* Your instructions *
Find the word "with" in the listing, and copy out each line where it turns up.

*****

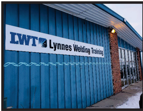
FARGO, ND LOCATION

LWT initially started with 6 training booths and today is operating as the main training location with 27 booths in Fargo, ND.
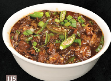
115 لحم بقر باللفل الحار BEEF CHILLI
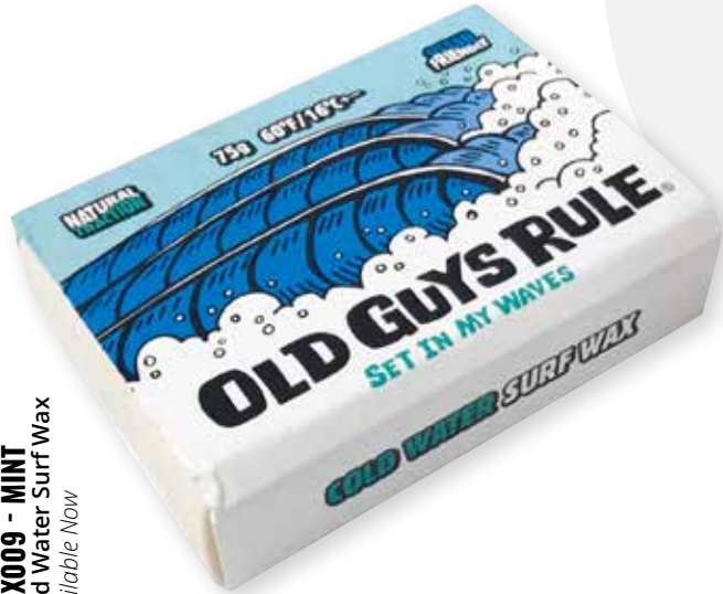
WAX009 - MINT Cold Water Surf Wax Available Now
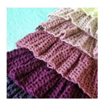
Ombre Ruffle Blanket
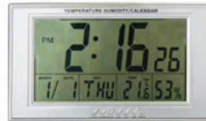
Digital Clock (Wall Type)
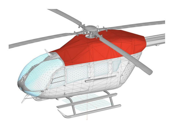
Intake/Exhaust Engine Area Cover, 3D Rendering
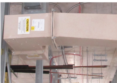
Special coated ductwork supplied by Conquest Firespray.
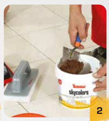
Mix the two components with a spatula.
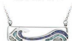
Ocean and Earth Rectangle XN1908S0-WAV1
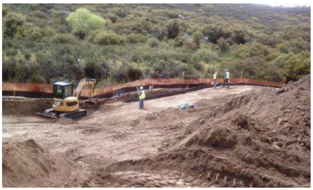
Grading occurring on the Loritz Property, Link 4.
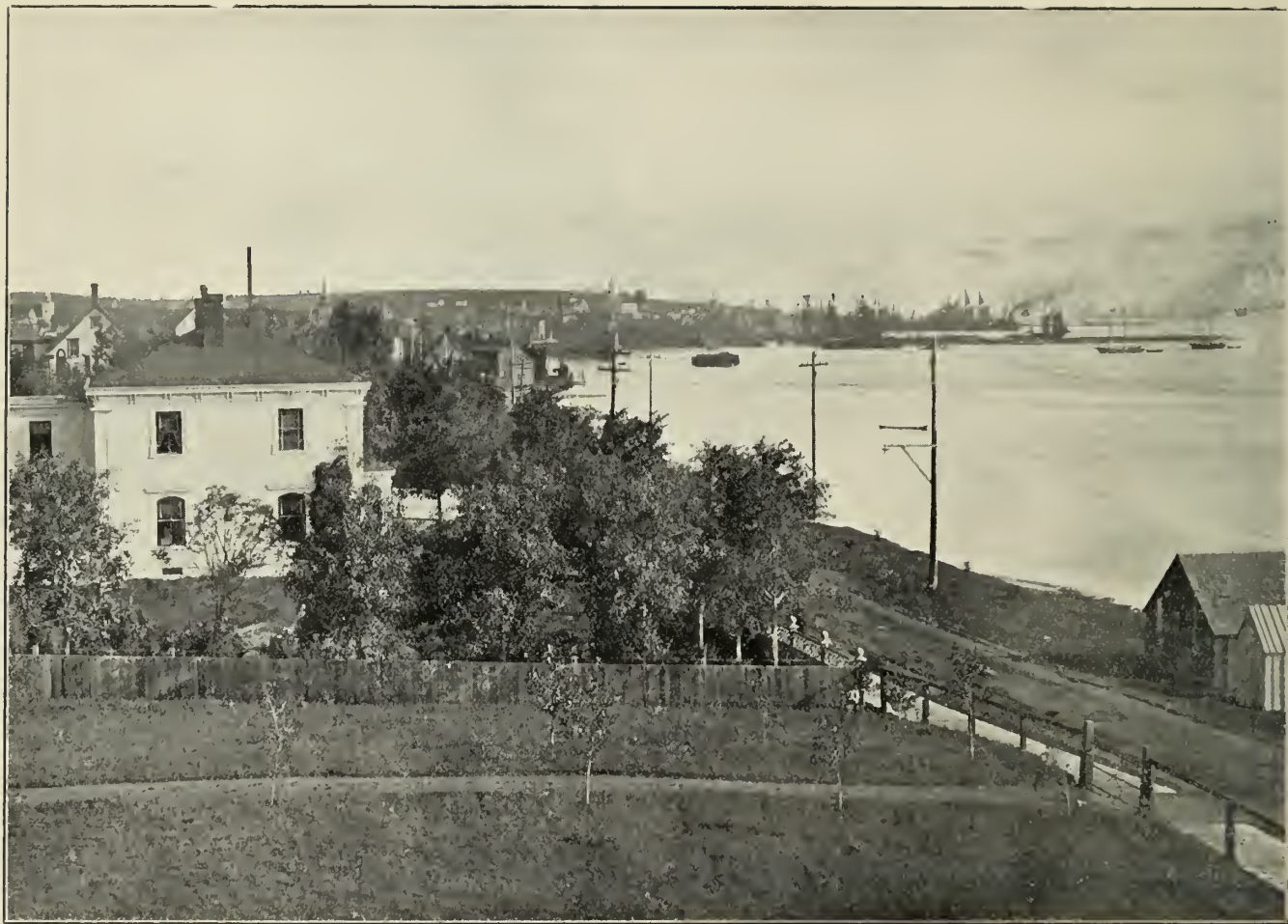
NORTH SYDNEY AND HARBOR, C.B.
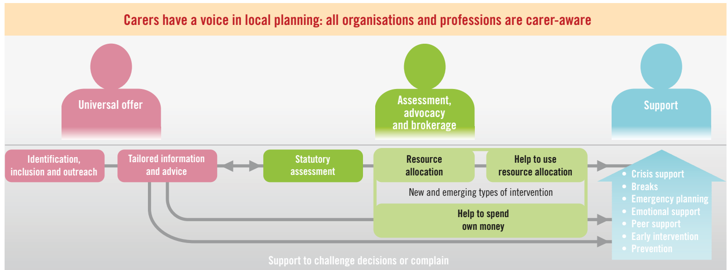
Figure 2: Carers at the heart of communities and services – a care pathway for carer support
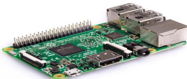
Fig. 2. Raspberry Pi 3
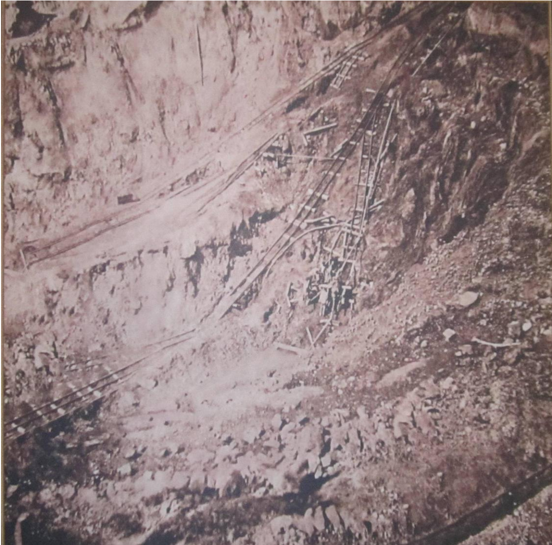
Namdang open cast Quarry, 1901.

*****

* Written reply *
LWT initially started with 6 training booths and today is operating as the main training location with 27 booths in Fargo, ND.
Mix the two components with a spatula.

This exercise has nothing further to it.